Pill Farmhouse And Garden Wall is a Grade II listed building in the Cornwall local planning authority area, England. First listed on 12 March 1986. Farmhouse.
Pill Farmhouse And Garden Wall
- WRENN ID
- broken-thatch-moss
- Grade
- II
- Local Planning Authority
- Cornwall
- Country
- England
- Date first listed
- 12 March 1986
- Type
- Farmhouse
- Source
- Historic England listing
Description
Pill Farmhouse and its garden wall, dating from around the 1840s, feature slatestone rubble walls supported by granite lintels on granite corbels and granite sills. The farmhouse has a Spanish slate roof over the front and rear wings, and a polygonal scantle slate roof over a single-storey room at the northeast corner. The building has stone rubble chimneys at the gable ends, with one chimney on the east side over an external stone stack. The L-shaped plan includes two rooms at the front, a rear kitchen wing, a staircase in the angle, and a polygonal pantry and entrance vestibule at the northeast corner of the wing.

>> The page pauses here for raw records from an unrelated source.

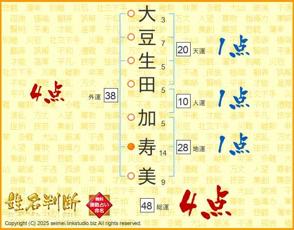 大豆生田加寿美さんの外運は38画の4点!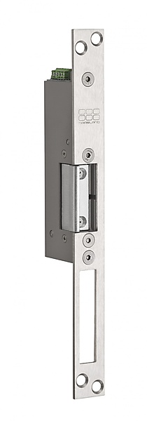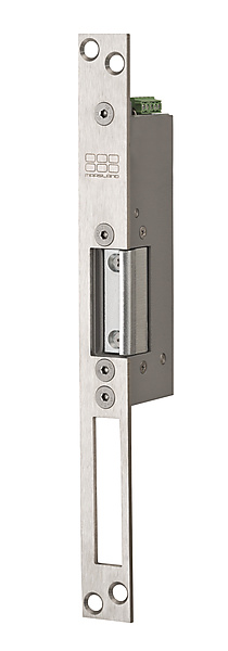 Robuuste elektrische deuropener die in het kozijn tegenover de dagschoot van een mechanisch slot wordt ingebouwd om deze te vergrendelen of te ontgrendelen. Door de speciale constructie ontgrendelen deze modellen onder zijdelingse druk waardoor ze geschikt zijn voor vluchtdeuren of andere situaties waarbij druk op de dagschoot komt. De lange sluitplaat heeft een uitsparing voor de nachtschoot, zodat deze mechanisch kan worden vergrendeld.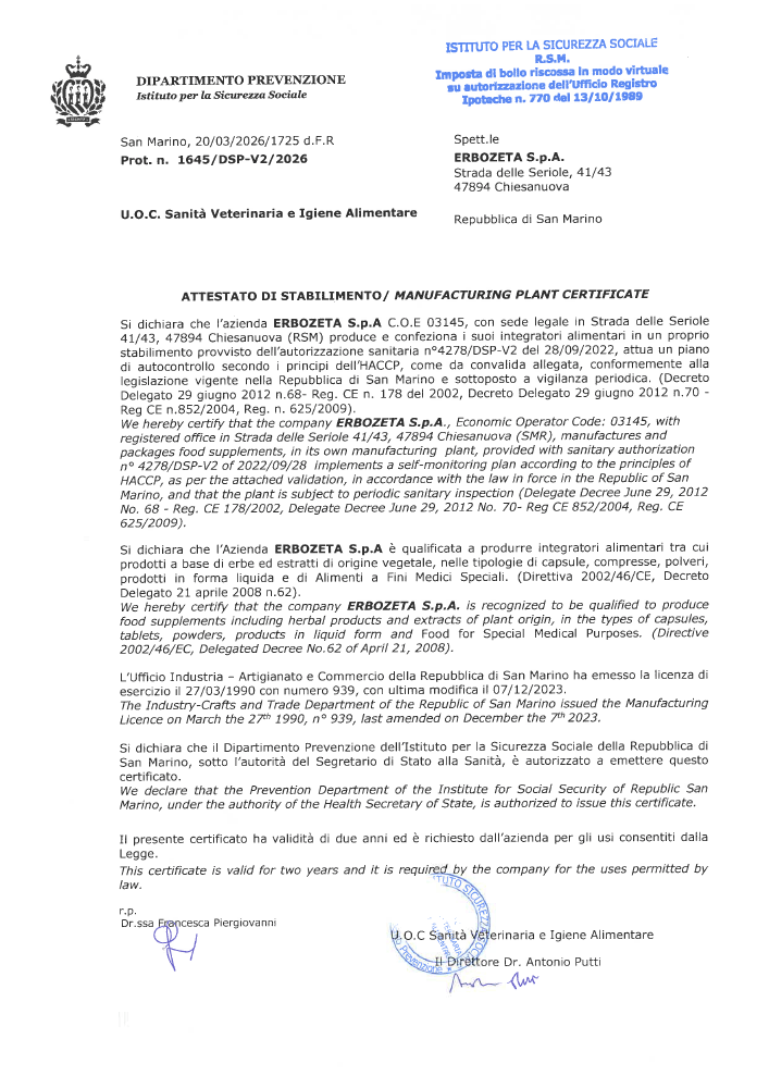 Erbozeta is a certified company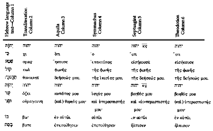 We then discover that Origen transcribed יהוה into the Greek text of columns 3 (Aquila's translation), 4 (Symmachus' translation), and 6 (Theodotion's [or the Quinta] translation). Though we find occasional Greek lettering which Origen included with the Tetragrammaton, we discover that these are merely articles meaning "the" (tou`, tw`i [a scribal error which should read tw`/], and toŸn), prepositions (ejpiŸ meaning "upon," and ejn meaning "in") or a further elaboration of the divine name in the Psalms 45 and 88 entries.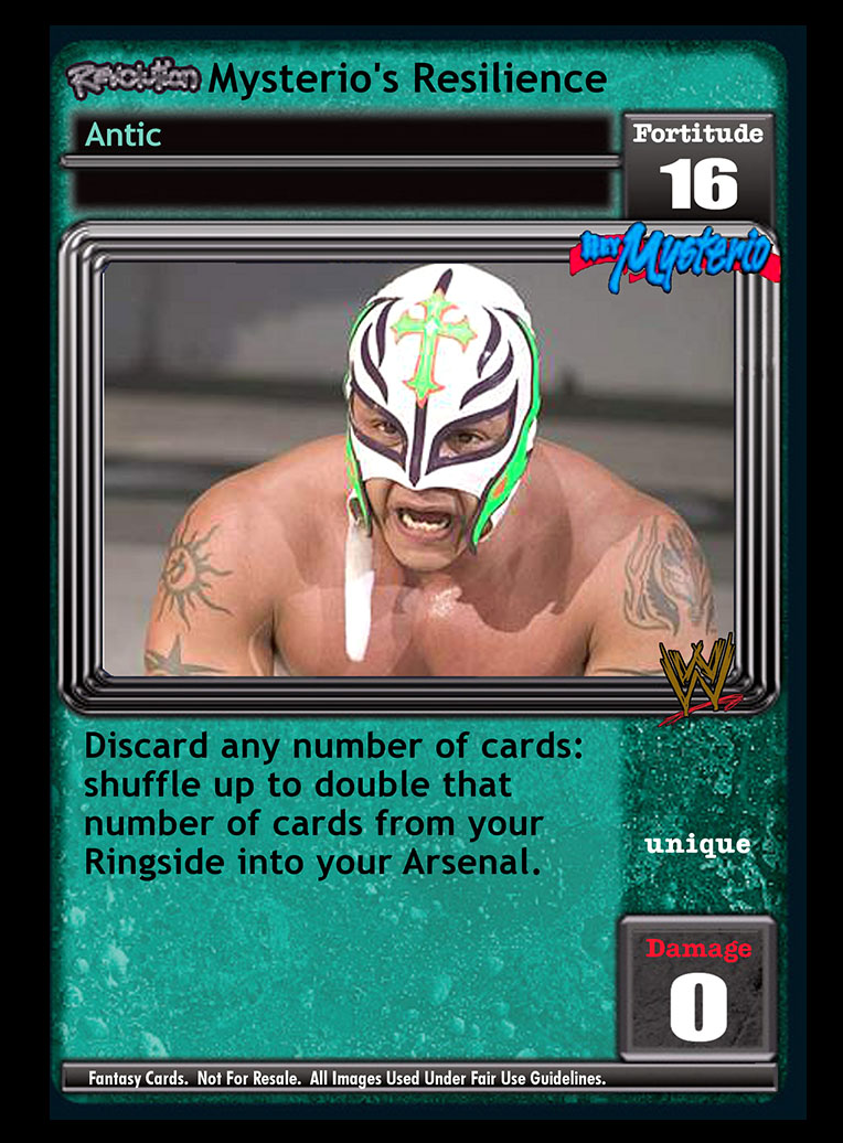 Discard any number of cards: shuffle up to double that number of cards from your Ringside pile into your Arsenal.

The farmhouse is two storeys high with a two-window south front that does not have a doorway. The ground floor features wide openings with paired 12-pane 19th-century hornless sash windows, while the first floor has 16-pane 19th-century hornless sash windows. A projecting stone wallplate runs under the eaves. The east entrance front has a 12-pane fixed light window at the first floor of the left gable end. The chimney breast is designed in three stages, topped with a hipped roof over a large oven projection. Stone wallplates are linked to copings under the verge, creating broken pedimented gables.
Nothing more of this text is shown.